** Opening DATA FOR THE TASK block **
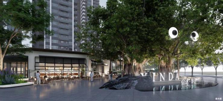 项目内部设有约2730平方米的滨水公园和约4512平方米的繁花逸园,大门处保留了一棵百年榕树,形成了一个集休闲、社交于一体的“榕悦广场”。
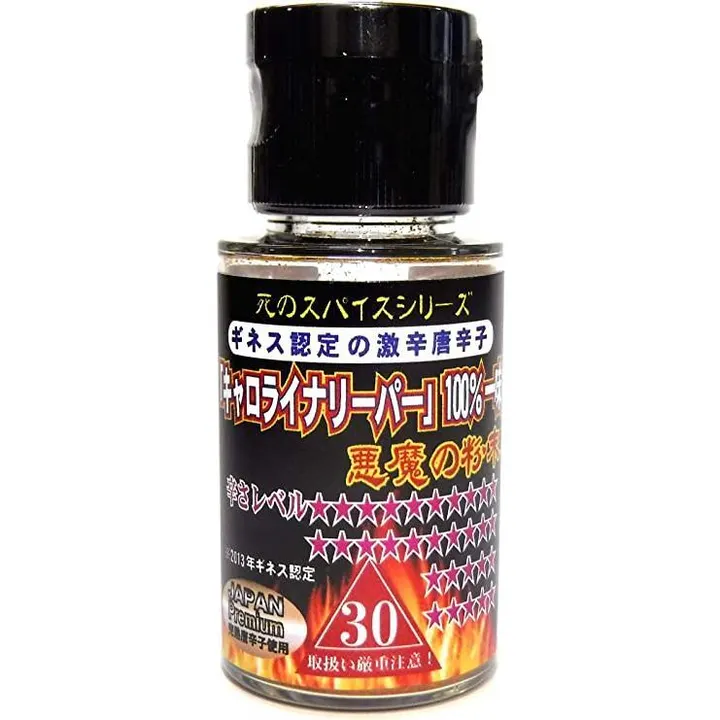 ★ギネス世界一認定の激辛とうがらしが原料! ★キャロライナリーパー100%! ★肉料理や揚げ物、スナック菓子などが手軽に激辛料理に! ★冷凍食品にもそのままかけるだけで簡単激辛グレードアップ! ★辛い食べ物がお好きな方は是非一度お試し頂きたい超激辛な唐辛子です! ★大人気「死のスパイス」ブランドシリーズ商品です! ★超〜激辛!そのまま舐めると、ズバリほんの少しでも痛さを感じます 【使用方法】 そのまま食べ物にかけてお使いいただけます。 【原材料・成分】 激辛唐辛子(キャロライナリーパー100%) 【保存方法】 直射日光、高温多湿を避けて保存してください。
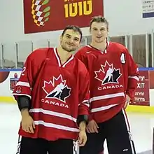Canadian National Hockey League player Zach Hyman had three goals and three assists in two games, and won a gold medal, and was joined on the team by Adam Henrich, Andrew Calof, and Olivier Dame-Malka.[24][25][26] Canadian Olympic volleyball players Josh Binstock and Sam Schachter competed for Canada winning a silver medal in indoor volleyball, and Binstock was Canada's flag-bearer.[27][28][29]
** Closing DATA FOR THE TASK block **
** Opening DATA FOR THE TASK block **
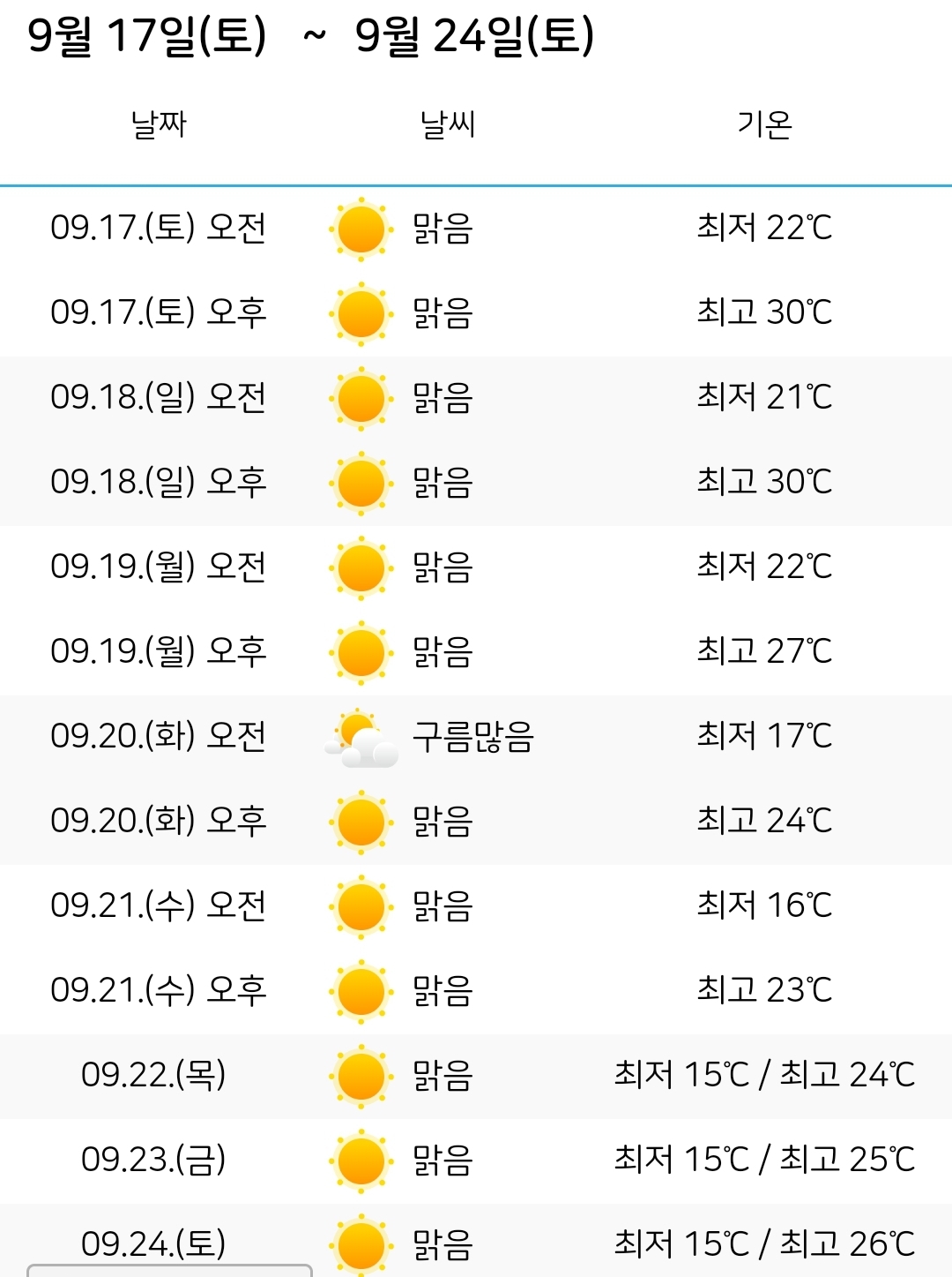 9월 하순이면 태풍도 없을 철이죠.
** Closing DATA FOR THE TASK block **
* YOUR ASSIGNMENT:
Starting with the line that has "项目内部设有约2730平方米" and ending with the line that has "Canadian National Hockey", repeat the lines above exactly, omitting every picture.

* TASK SOLUTION:
 项目内部设有约2730平方米的滨水公园和约4512平方米的繁花逸园,大门处保留了一棵百年榕树,形成了一个集休闲、社交于一体的“榕悦广场”。
 ★ギネス世界一認定の激辛とうがらしが原料! ★キャロライナリーパー100%! ★肉料理や揚げ物、スナック菓子などが手軽に激辛料理に! ★冷凍食品にもそのままかけるだけで簡単激辛グレードアップ! ★辛い食べ物がお好きな方は是非一度お試し頂きたい超激辛な唐辛子です! ★大人気「死のスパイス」ブランドシリーズ商品です! ★超〜激辛!そのまま舐めると、ズバリほんの少しでも痛さを感じます 【使用方法】 そのまま食べ物にかけてお使いいただけます。 【原材料・成分】 激辛唐辛子(キャロライナリーパー100%) 【保存方法】 直射日光、高温多湿を避けて保存してください。
Canadian National Hockey League player Zach Hyman had three goals and three assists in two games, and won a gold medal, and was joined on the team by Adam Henrich, Andrew Calof, and Olivier Dame-Malka.[24][25][26] Canadian Olympic volleyball players Josh Binstock and Sam Schachter competed for Canada winning a silver medal in indoor volleyball, and Binstock was Canada's flag-bearer.[27][28][29]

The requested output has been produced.